Dataset section:
· · · · · · ·
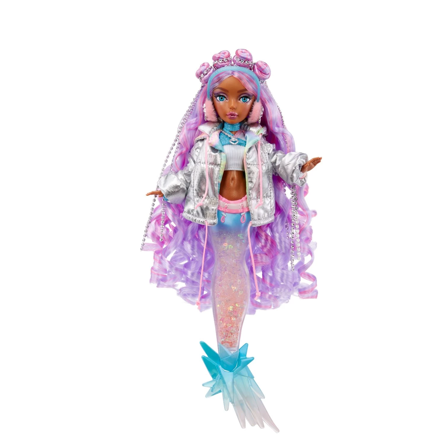 – MERMAZING MODE EN ACCESSOIRES MET WINTERTHEMA: Harmonique™ draagt een asymmetrische korte top en een aan twee kanten draagbaar, metallic, gewatteerd jack. Haar accessoires zijn oorwarmers, een schakelketting met hartje, 2 paar oorbellen en een hartvormige rugzak
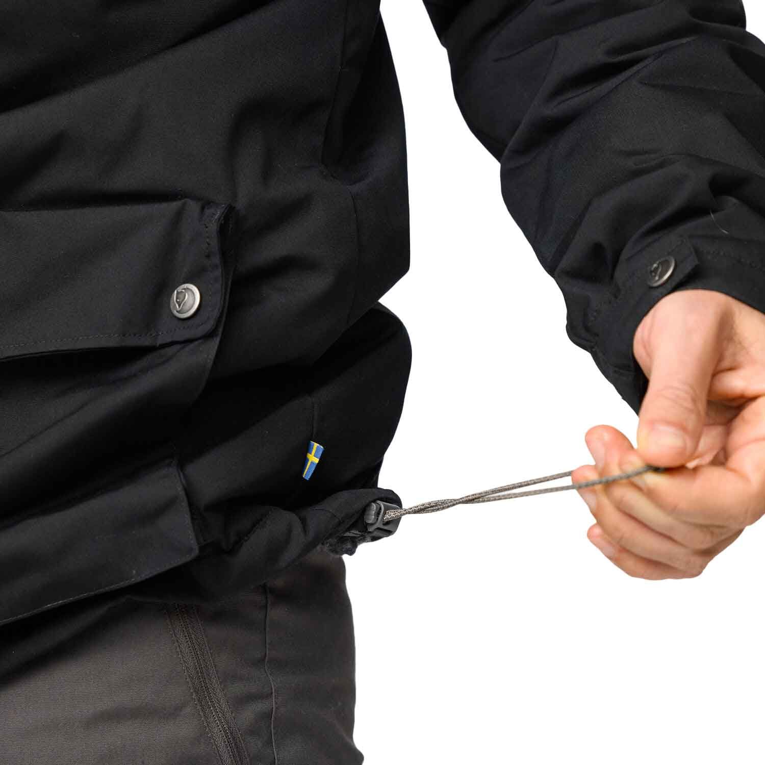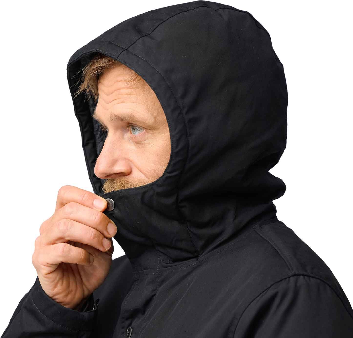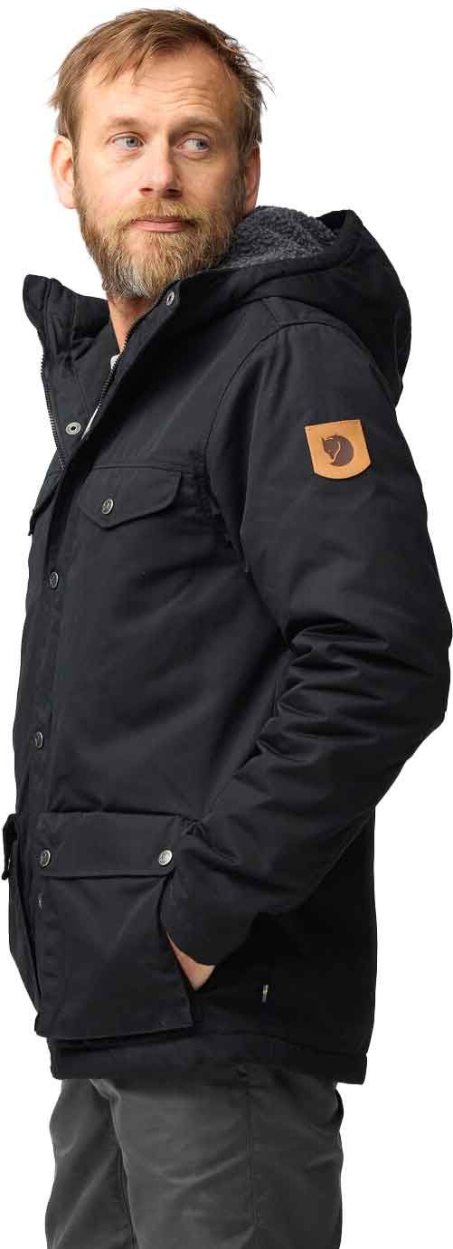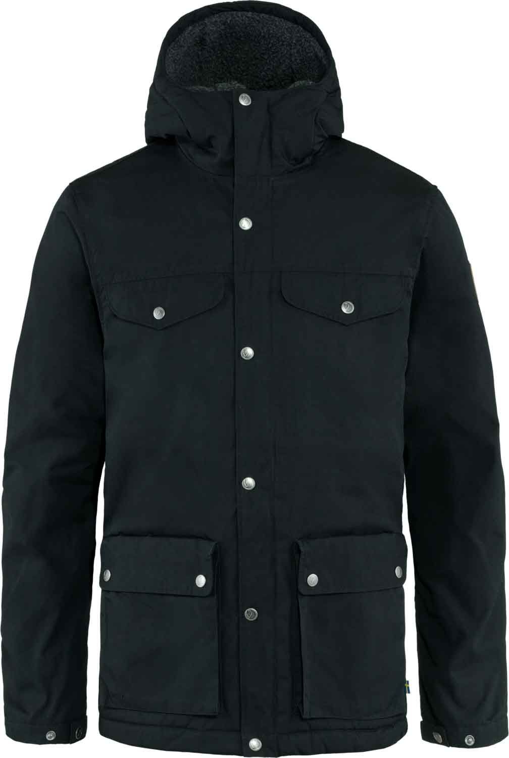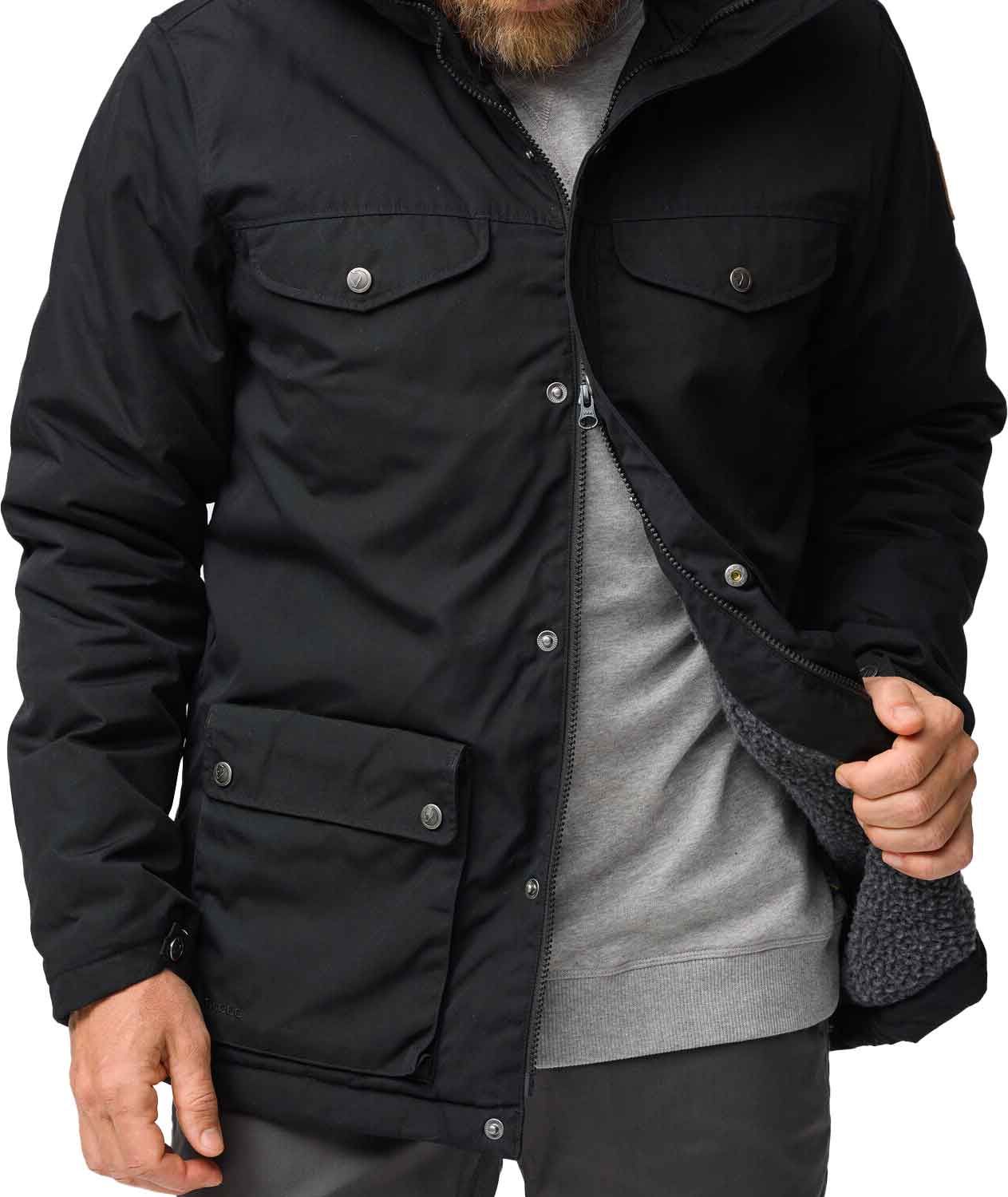 Veste Greenland Winter Black Fjällräven pour homme, chaude en G-1000® Eco avec doublure polaire, résistante aux intempéries et traitable au Greenland Wax pour ville ou forêt.
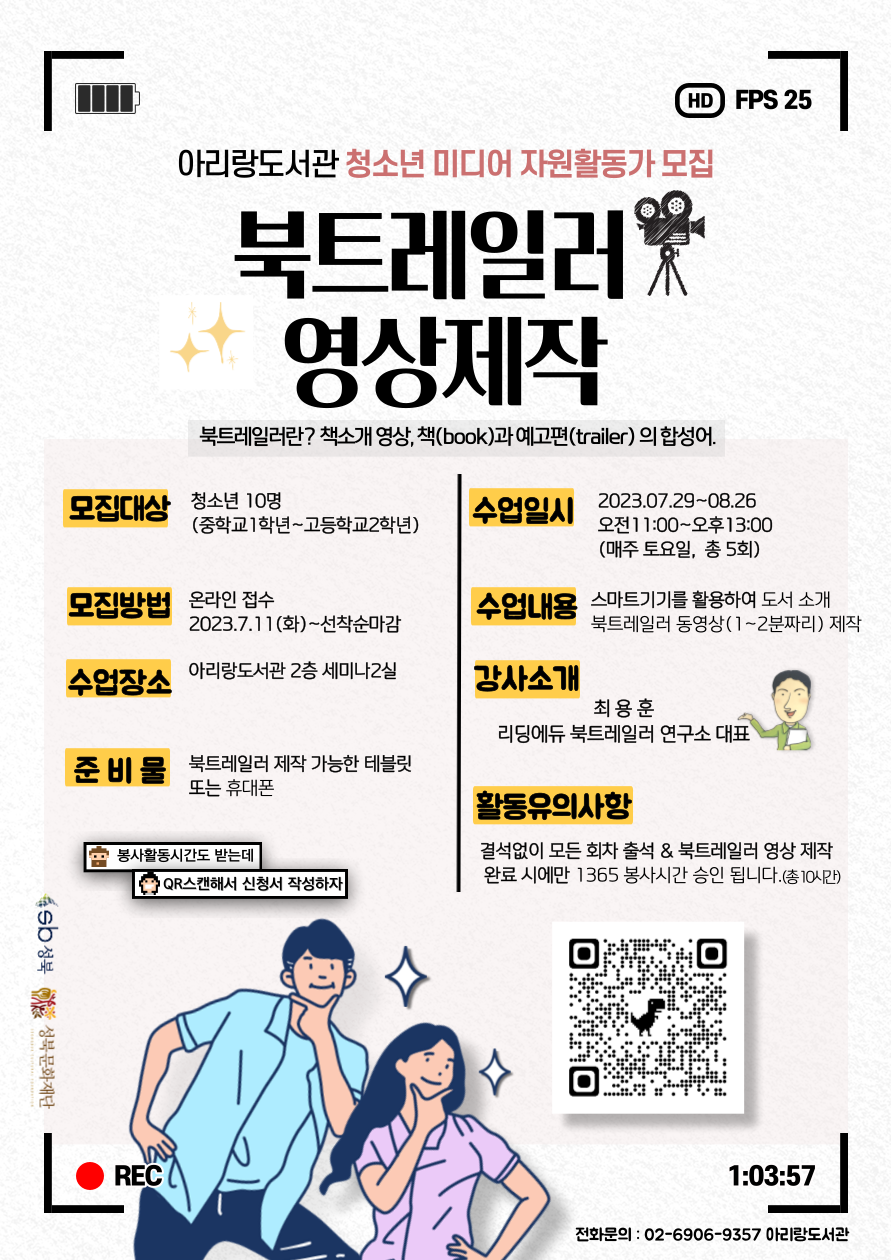 [모집] 아리랑도서관 청소년 미디어 자원활동가 북트레일러 접수 안내(7/11~선착순)
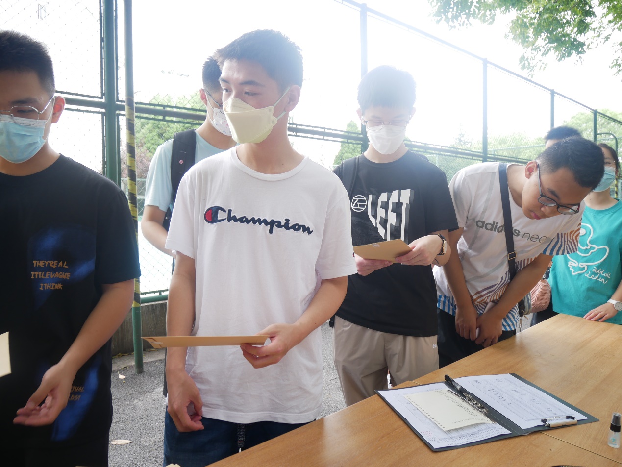 (同学们在排队签到,领取信封和书院服)
· · · · · · ·
Task objective:
Your task is to repeat exactly the lines from the one containing "Veste Greenland Winter" through the end of the material, both included, and only those, without pictures.

Written solution:
 Veste Greenland Winter Black Fjällräven pour homme, chaude en G-1000® Eco avec doublure polaire, résistante aux intempéries et traitable au Greenland Wax pour ville ou forêt.
 [모집] 아리랑도서관 청소년 미디어 자원활동가 북트레일러 접수 안내(7/11~선착순)
 (同学们在排队签到,领取信封和书院服)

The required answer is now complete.